__RECORDS TO PROCESS__.
*** Block opens ***
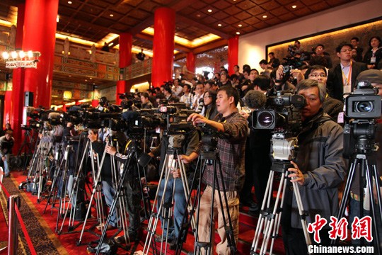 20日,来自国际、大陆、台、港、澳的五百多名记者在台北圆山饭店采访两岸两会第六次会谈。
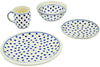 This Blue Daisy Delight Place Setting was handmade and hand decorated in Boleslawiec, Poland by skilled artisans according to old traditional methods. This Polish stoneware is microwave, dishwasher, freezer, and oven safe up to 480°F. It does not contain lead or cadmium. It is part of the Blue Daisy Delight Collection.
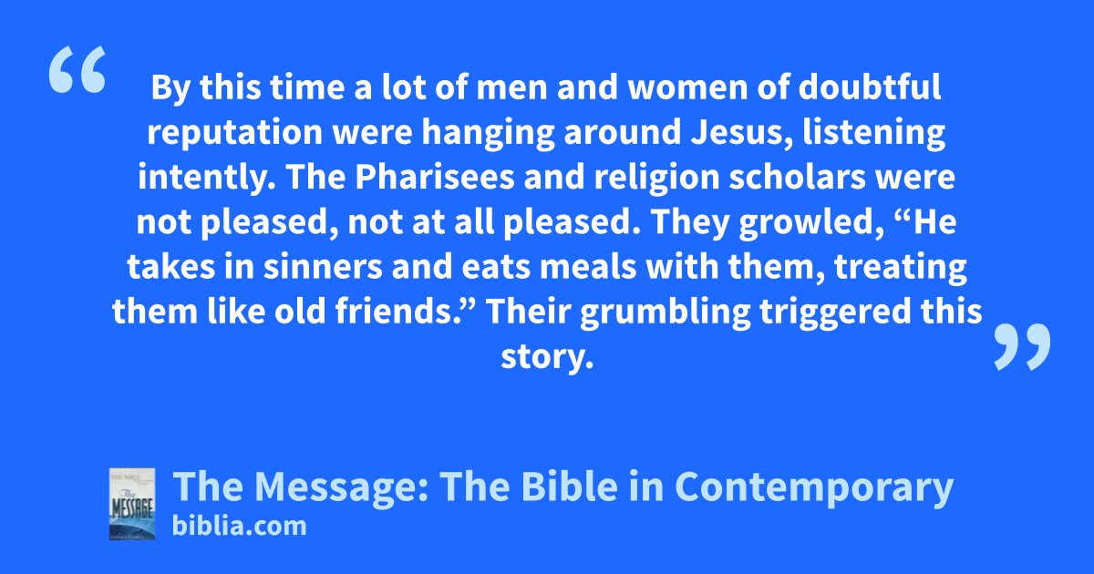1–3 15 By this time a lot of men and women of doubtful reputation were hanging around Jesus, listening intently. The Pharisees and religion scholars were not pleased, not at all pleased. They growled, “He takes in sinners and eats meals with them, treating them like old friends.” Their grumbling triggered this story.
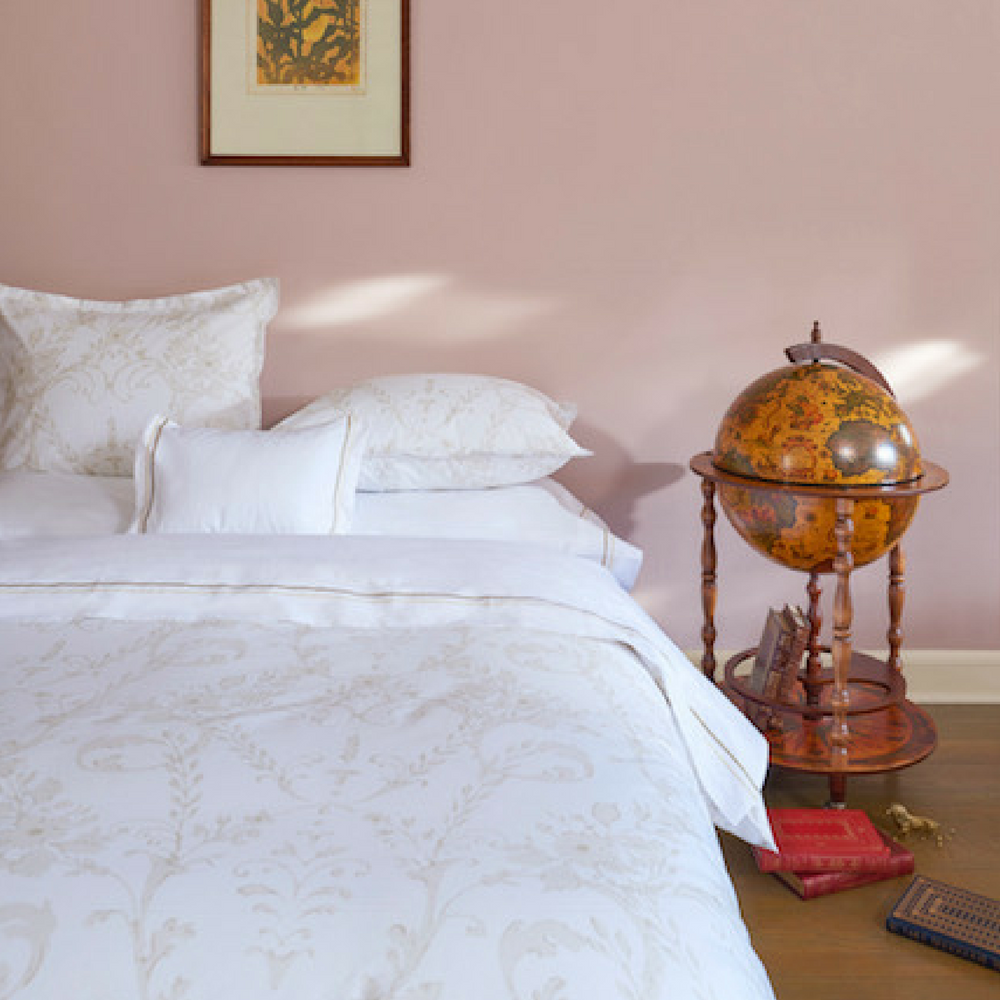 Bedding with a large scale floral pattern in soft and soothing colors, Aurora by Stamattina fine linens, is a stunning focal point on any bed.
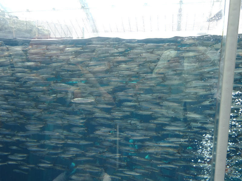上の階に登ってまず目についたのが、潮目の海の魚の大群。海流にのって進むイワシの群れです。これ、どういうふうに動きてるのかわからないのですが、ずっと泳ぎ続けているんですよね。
*** Block closes ***
__TASK DETAILS__.
Set down the records precisely as they appear. Any picture stays out.

__TASK OUTPUT__.
 20日,来自国际、大陆、台、港、澳的五百多名记者在台北圆山饭店采访两岸两会第六次会谈。
 This Blue Daisy Delight Place Setting was handmade and hand decorated in Boleslawiec, Poland by skilled artisans according to old traditional methods. This Polish stoneware is microwave, dishwasher, freezer, and oven safe up to 480°F. It does not contain lead or cadmium. It is part of the Blue Daisy Delight Collection.
1–3 15 By this time a lot of men and women of doubtful reputation were hanging around Jesus, listening intently. The Pharisees and religion scholars were not pleased, not at all pleased. They growled, “He takes in sinners and eats meals with them, treating them like old friends.” Their grumbling triggered this story.
 Bedding with a large scale floral pattern in soft and soothing colors, Aurora by Stamattina fine linens, is a stunning focal point on any bed.
上の階に登ってまず目についたのが、潮目の海の魚の大群。海流にのって進むイワシの群れです。これ、どういうふうに動きてるのかわからないのですが、ずっと泳ぎ続けているんですよね。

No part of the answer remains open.